From their bucolic riverside home in nearby Chiswick, Fuller’s local influence stretches far. A fair few of their pubs, including the nearby Stonemason’s Arms and George IV on Chiswick High Road, have been given makeovers, scrubbing them up until their rough edges are replaced by smooth, clean lines, expansive food menus and, dare we say, slightly less soulful places for a drink. Not so, the Andover Arms.
Here, in a villagey spot (known locally as Brackenbury) complete with pretty terrace housing, a butcher’s and a café-deli, you’ll find a Victorian pub offering plenty of room for drinking as well as dining. What’s great is that it feels like a proper boozer: there’s a wood-panelled bar that looks like it’s been around since the pub’s early days, creaky chairs, faded carpets and a roaring fire (during the winter months at least). Cheery staff only add to the snug, friendly vibe.

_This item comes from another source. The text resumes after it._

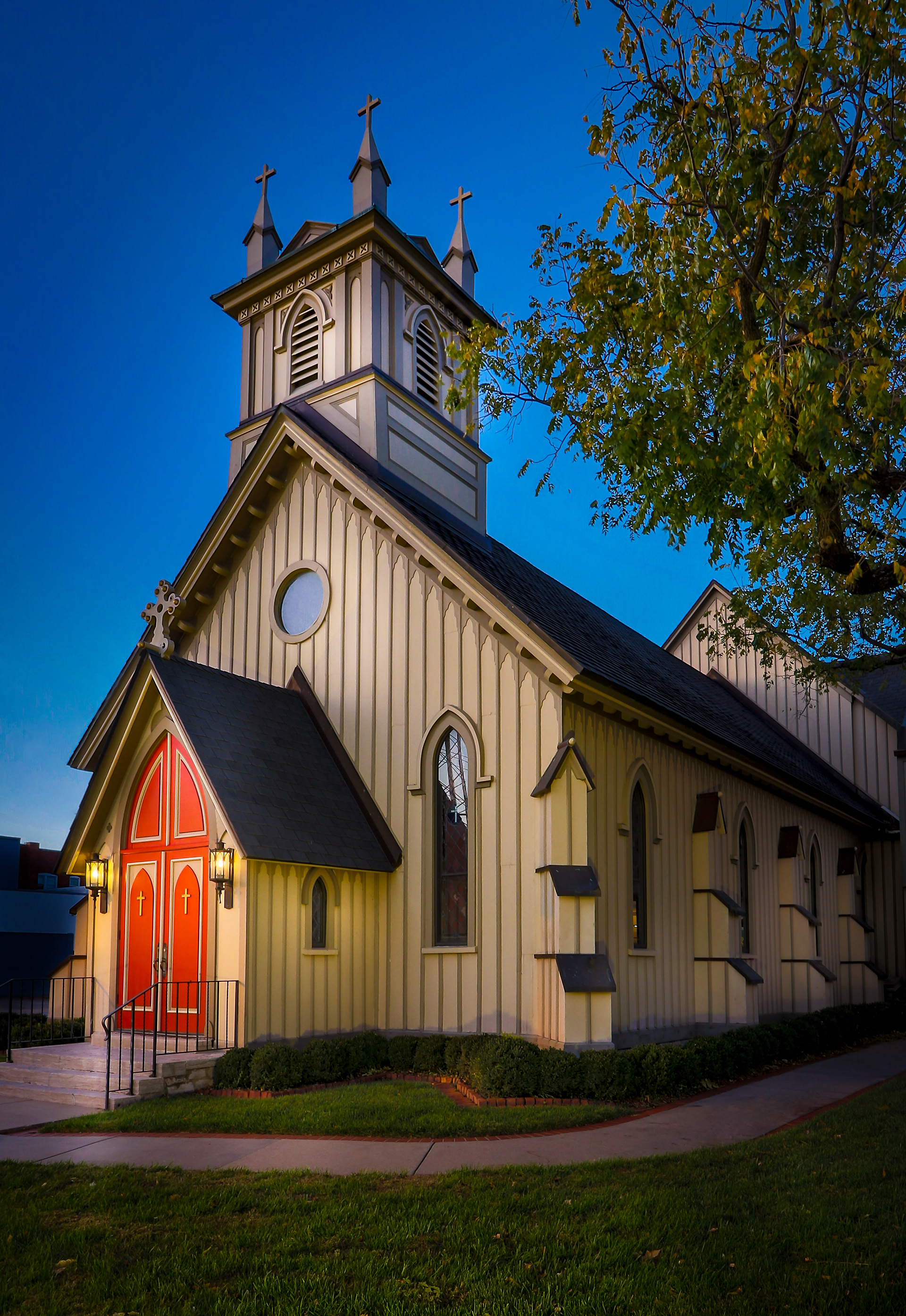 Architecture of interiors and exteriors of churches in St. Louis and Springfield Missouri, and Quincy Illinois

Craft beer might continue to boom across the capital, but there’s no chalkboard listing all the special brews here (they chalk-up their malt whisky selection instead). A slightly disappointing selection of three ale pumps provide Fuller’s ale staples, and the only nod to ‘craft’ is their own Frontier lager. They do know how to pour a good pint of Guinness (£4.50), though, and their wine menu’s worth exploring.
There are pies, cheese boards and smart fish dishes but thankfully, the food doesn’t upstage the drinking, with plenty of nooks and crannies to settle in for a sesh. Long may that continue.